Kromatika Relayers are small micro-services, running on the bullet-proof OpenZeppelin technology, accepting requests from Kromatika users, and submitting their transactions onto the Ethereum blockchain network to be confirmed by the miners.

Kromatika Relayers are publishing the transactions on the blockchain on the user’s behalf, thus covering the ETH gas fees.

But how Kromatika Relayers are getting compensated for their service.

The solution might be simple:


That’s right. Kromatika protocol gives the opportunity to its users to use KROM for compensating the Relayers. Note, this feature is experimental, optional and every user can decide to enable gasless mode individually. By default, the mode is disabled and ETH gas fees are being paid.

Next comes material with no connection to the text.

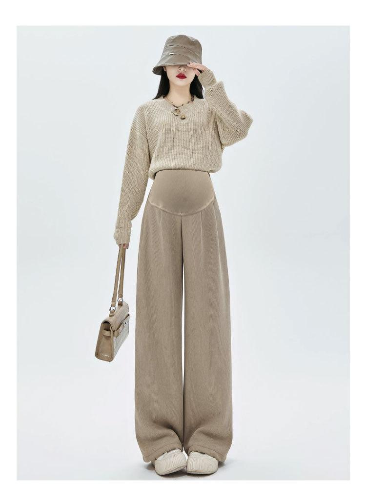 Pantalones Largos de Terciopelo Cálido para Bebé para Mujer Embarazada Otoño e Invierno Ropa Exterior Engrosados Rectos de Pana de Pierna Ancha Casuales Adelgazantes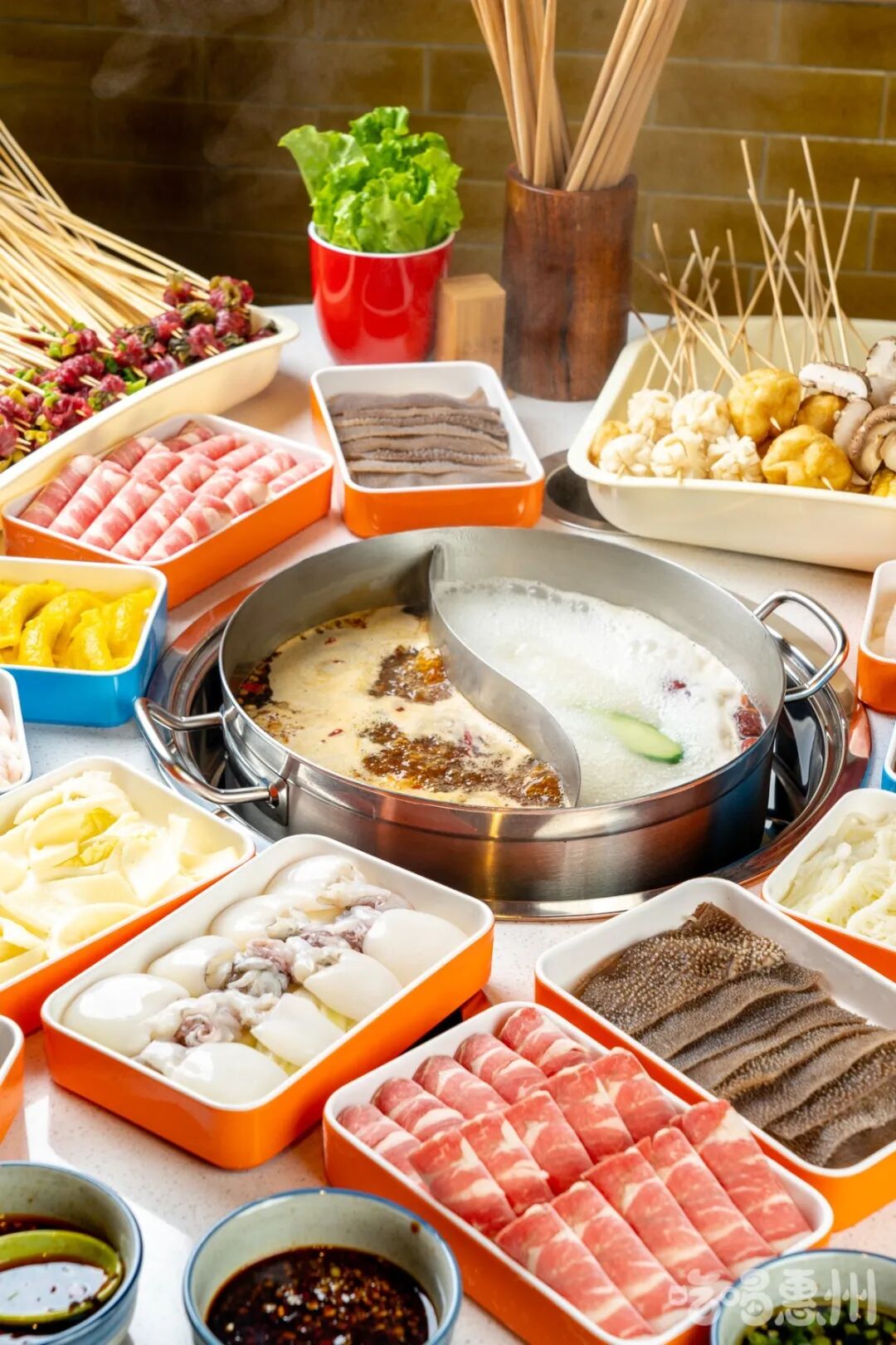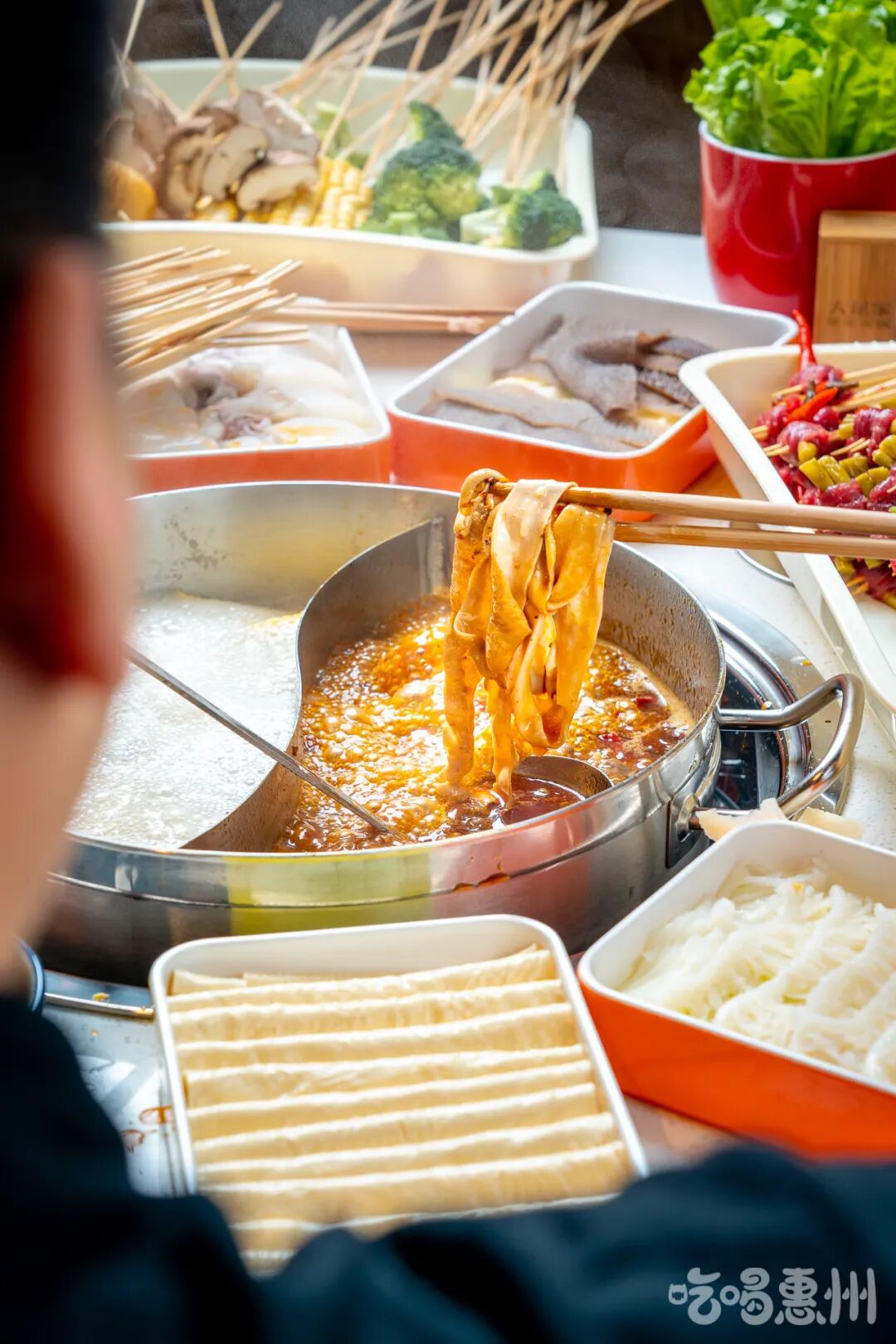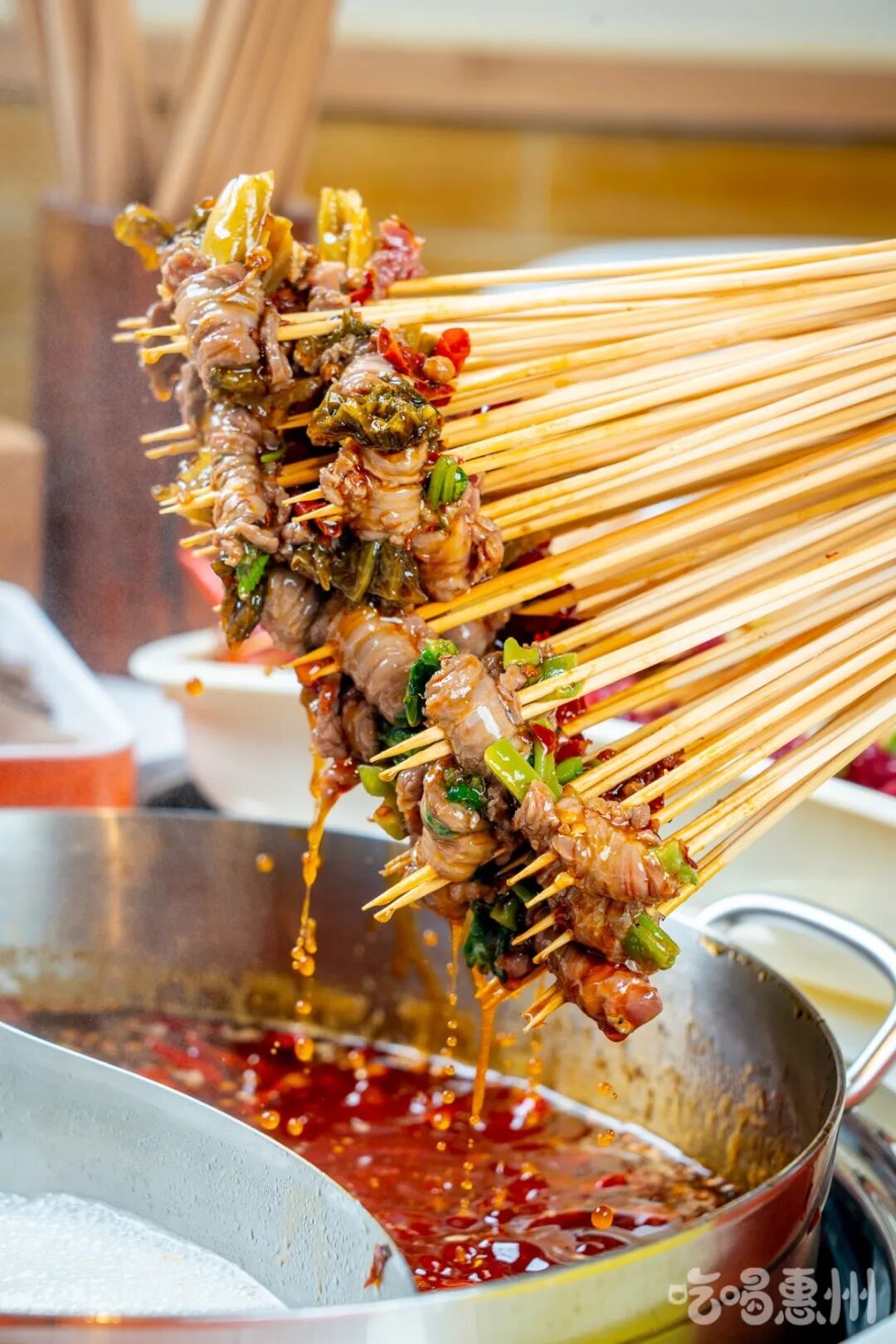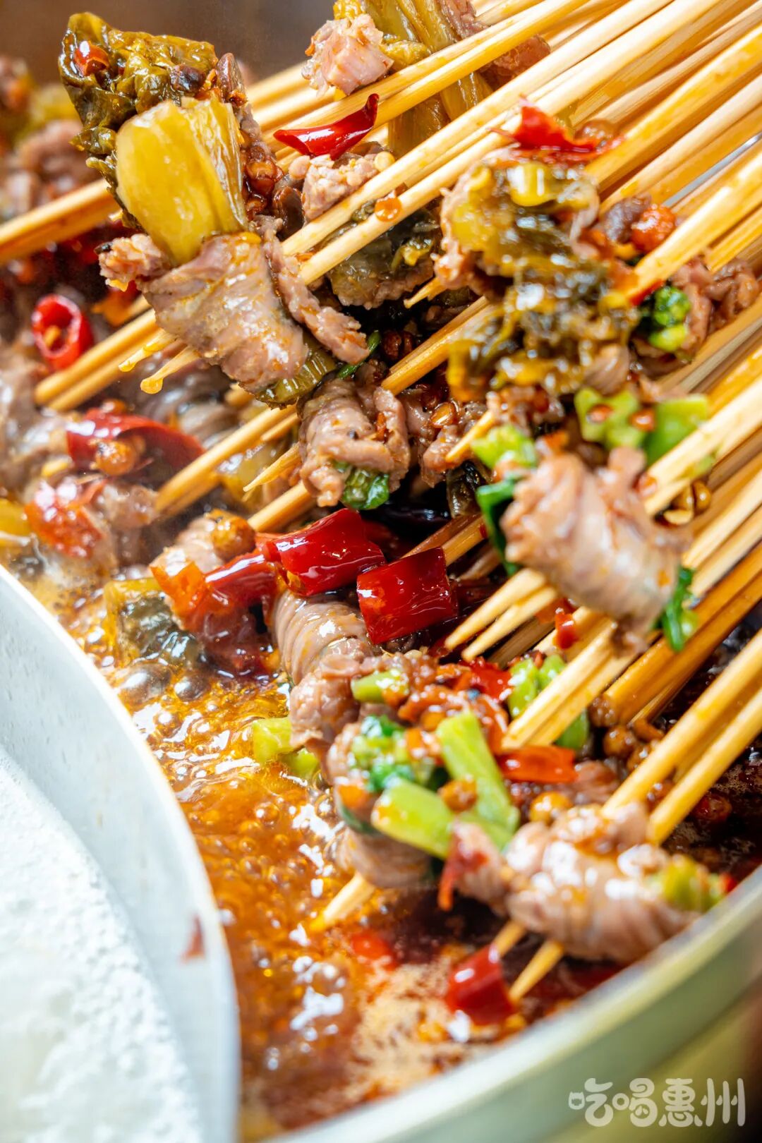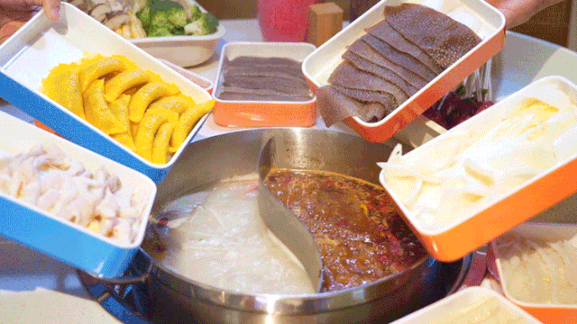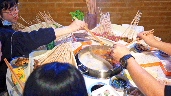 在这里,串串+火锅的奇妙搭档,纠结火锅与串串吃哪个的世纪难题终于解决啦!提起签子、拿起盘子全往锅里涮,爽!

Lets see how the user interaction with Kromatika is, when gasless mode is enabled:

  1. User deposits KROM balance in Kromatika protocol ( this is a blockchain transaction, need to pay gas fees at least once).
  2. User starts creating limit trades on Kromatika (no ETH gas fees being paid).
  3. Some of the limit trades are filled, user gets the amounts from the trade directly in their wallet (no ETH gas fees being paid), this is an automatic step, done by the Chainlink keepers.
  4. User cancels some of their pending limit trades (no ETH gas fees being paid ).

By enabling gasless mode, users can deposit KROM tokens in the Kromatika protocol at least once and use the Kromatika protocol for limit trading all the time, without having to pay a single ETH gas fee anymore.